TASK:
Taking the entries below, transcribe only the lines starting with the one with "The difference between the fir" and going on through the one with "4、甲陆游,装备不重要,随便", exactly as written, without the pictures.

RECORDS:

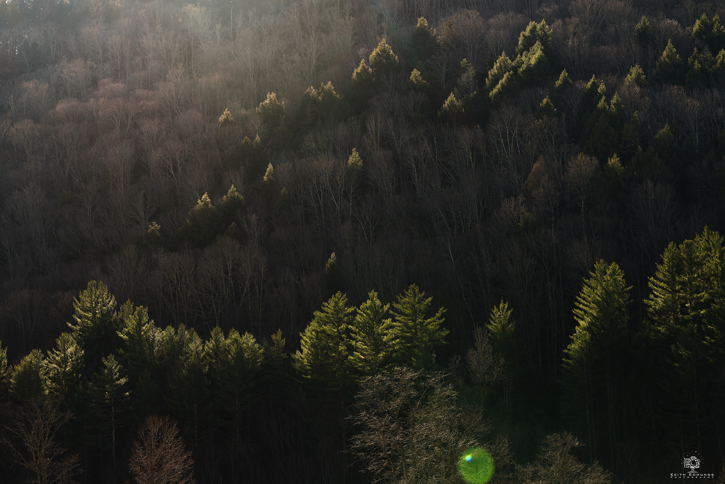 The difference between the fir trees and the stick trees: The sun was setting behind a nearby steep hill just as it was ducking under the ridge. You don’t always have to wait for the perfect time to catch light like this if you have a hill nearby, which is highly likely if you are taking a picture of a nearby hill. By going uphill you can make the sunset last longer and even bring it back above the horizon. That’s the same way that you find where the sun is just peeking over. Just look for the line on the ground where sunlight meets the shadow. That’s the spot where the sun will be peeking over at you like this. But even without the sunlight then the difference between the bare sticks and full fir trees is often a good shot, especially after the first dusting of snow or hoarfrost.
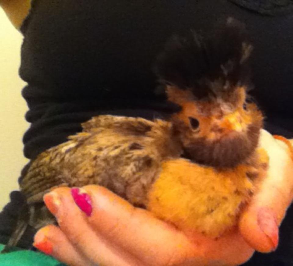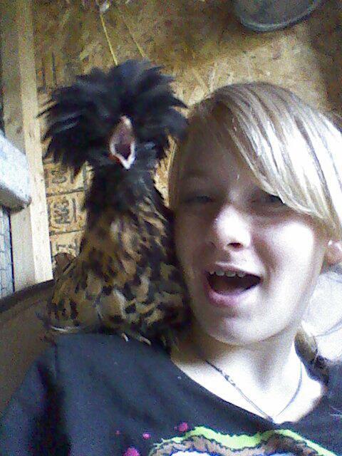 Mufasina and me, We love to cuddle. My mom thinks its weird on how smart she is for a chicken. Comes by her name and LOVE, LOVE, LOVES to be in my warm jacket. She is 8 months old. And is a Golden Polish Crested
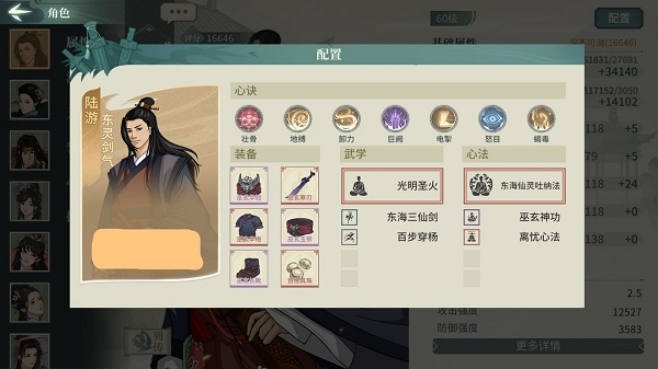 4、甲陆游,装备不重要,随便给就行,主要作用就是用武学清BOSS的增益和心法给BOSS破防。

...

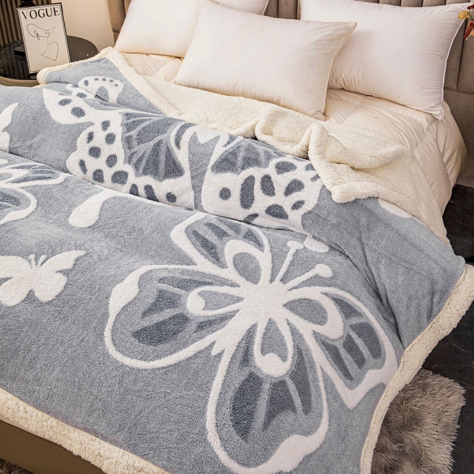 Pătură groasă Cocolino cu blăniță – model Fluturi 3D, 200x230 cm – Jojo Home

---

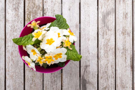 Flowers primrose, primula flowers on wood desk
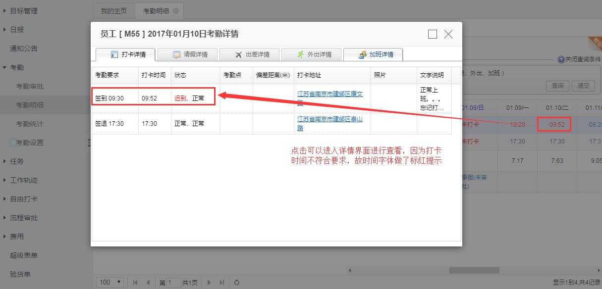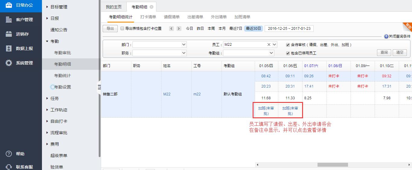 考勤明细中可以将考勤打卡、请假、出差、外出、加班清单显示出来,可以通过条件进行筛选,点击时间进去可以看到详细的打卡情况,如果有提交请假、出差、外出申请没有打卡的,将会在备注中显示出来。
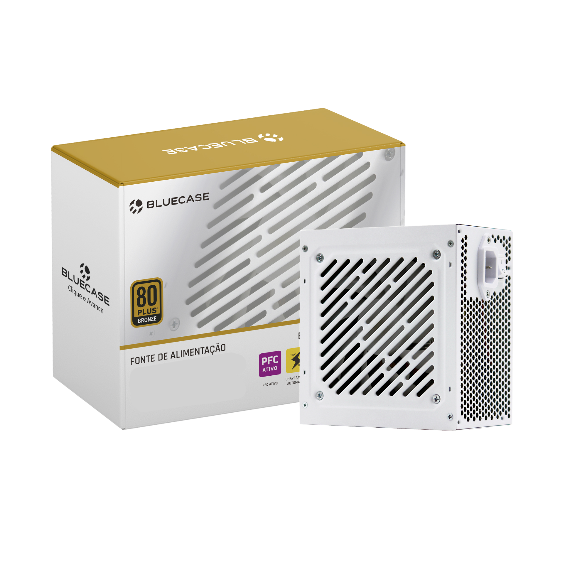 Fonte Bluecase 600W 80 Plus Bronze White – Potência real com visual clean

SOLUTION FOR THIS EXERCISE:
 The difference between the fir trees and the stick trees: The sun was setting behind a nearby steep hill just as it was ducking under the ridge. You don’t always have to wait for the perfect time to catch light like this if you have a hill nearby, which is highly likely if you are taking a picture of a nearby hill. By going uphill you can make the sunset last longer and even bring it back above the horizon. That’s the same way that you find where the sun is just peeking over. Just look for the line on the ground where sunlight meets the shadow. That’s the spot where the sun will be peeking over at you like this. But even without the sunlight then the difference between the bare sticks and full fir trees is often a good shot, especially after the first dusting of snow or hoarfrost.
 Mufasina and me, We love to cuddle. My mom thinks its weird on how smart she is for a chicken. Comes by her name and LOVE, LOVE, LOVES to be in my warm jacket. She is 8 months old. And is a Golden Polish Crested
 4、甲陆游,装备不重要,随便给就行,主要作用就是用武学清BOSS的增益和心法给BOSS破防。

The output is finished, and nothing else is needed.